Scientists are doing it for themselves. Doing what? Databases. The idea is that most databases are designed to meet the needs of businesses, not science, so scientists are banding together at scidb.org to create their own Domain Specific Database, for science. The goal is to be able to handle datasets in the 100PB range and larger.
SciDB, Inc. is building an open source database technology product designed specifically to satisfy the demands of data-intensive scientific problems. With the advice of the world's leading scientists across a variety of disciplines including astronomy, biology, physics, oceanography, atmospheric sciences, and climatology, our computer scientists are currently designing and prototyping this technology
The scientists that are participating in our open source project believe that the SciDB database — when completed — will dramatically impact their ability to conduct their experiments faster and more efficiently and further improve the quality of life on our planet by enabling them to run experiments that were previously impossible due to the limitations of existing database systems and infrastructure. Many of the world's leading computer scientists with expertise in database systems have contributed to the design and architecture of the system to meet the needs of the world's scientists.
SciDB looks like a cool project and follows what might be considered a trend, instead of beating a general tool into submission, build a specialized tool that does what you need it to do. More details about SciDB can be found in the paper A Demonstration of SciDB: A Science-Oriented DBMS. A nice succinct poster is available summarizing the product.
Some interesting bits from the paper:
- The data model used is that of multi dimensional, nested array model with array cells containing records, which in turn can contain components that are mult-dimensional arrays. Arrays can have any number of named dimensions. Sparse, ragged, and unbounded arrays are supported.
- Science is not a monolith. Different specialties would like different data representations. Users in chemistry, biology, and genomics would like to see a graph database. Users in solid modeling would like a mesh. But the array is a natural for astronomy, oceanography, fusion, remote sensing, climate modeling, and seismology.
- Postgres-style user defined functions coded in C++ allow for custom operators. There are no built-in operators, all operators are UDFs.
- No overwrite. It's not transactional. Scientists don't want to update values in place. If a cell is declared updateable there's a history mechanism that traces the history of changes to each cell. A delta compression mechanism to reduce data usage.

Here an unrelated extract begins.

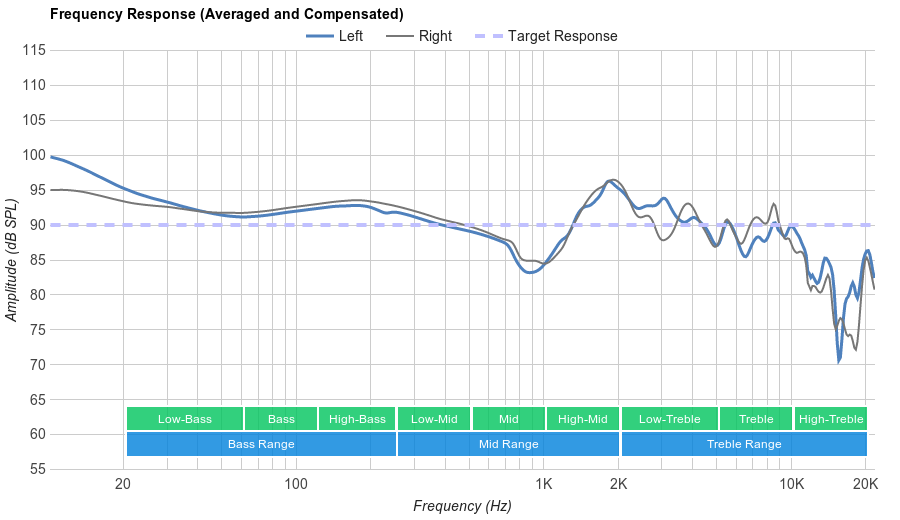 The bass of the Sony WH-1000XM2 is very good. Their LFE (low-frequency extension) is at 10Hz, which means they are able to produce low thumps and rumbles. Also, the entire response is virtually flat across the bass range, but consistently over our target by more than 2dB, especially in high-bass. This results in an extended and punchy bass, but with the downside of sounding a bit boomy and cluttered.
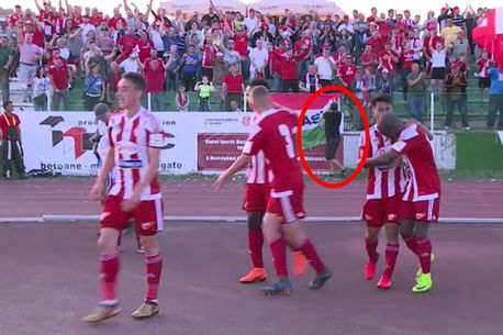 Fanul dinamovist care a dat tonul incidentelor neplăcute de la meciul Sepsi – Dinamo (2-0), ar fi venit din galeria echipei lui Eugen Neagoe. Așa arată imaginile din timpul partidei, camerele video surprinzând momentul când acesta iese din peluză, fură steagul și fuge spre galerie dinamovistă.

- Grid. A shared nothing cluster to 1000s of nodes. Data is split horizontally over. Partitioning is flexible. Partitions are not fixed, they can change over time to adapt to changing data. Partitions can be based on dimensions or attributes.
- Queries. Queries refer to a single array and the query planner takes care of splitting the query across all the nodes. UDFs are run in parallel across the cluster.
- "In Situ" Data. No load process required. Data analysis is often preceded by a data load phase which can take forever with large datasets. Adaptors will be created so data not in the SciDB format can be used without loading.
- Integrated Cooking. Data often needs to be cooked/changed/transformed/normalized to be useful. The cooking operators will be integrated into SciDB.
- Provenance. The steps for how an array was created will be remembered so scientists can show how results were derived.
- Uncertainty. Attributes supports a value and error components so uncertainty can be represented natively in the database.
- Open source. A non-profit has been setup to create a commercial quality open source database for the scientific community.
Not your typical looking database. The Domain Specific aspects create something unique and hopefully uniquely useful. I wonder if we'll see more Domain Specific Database efforts in the future?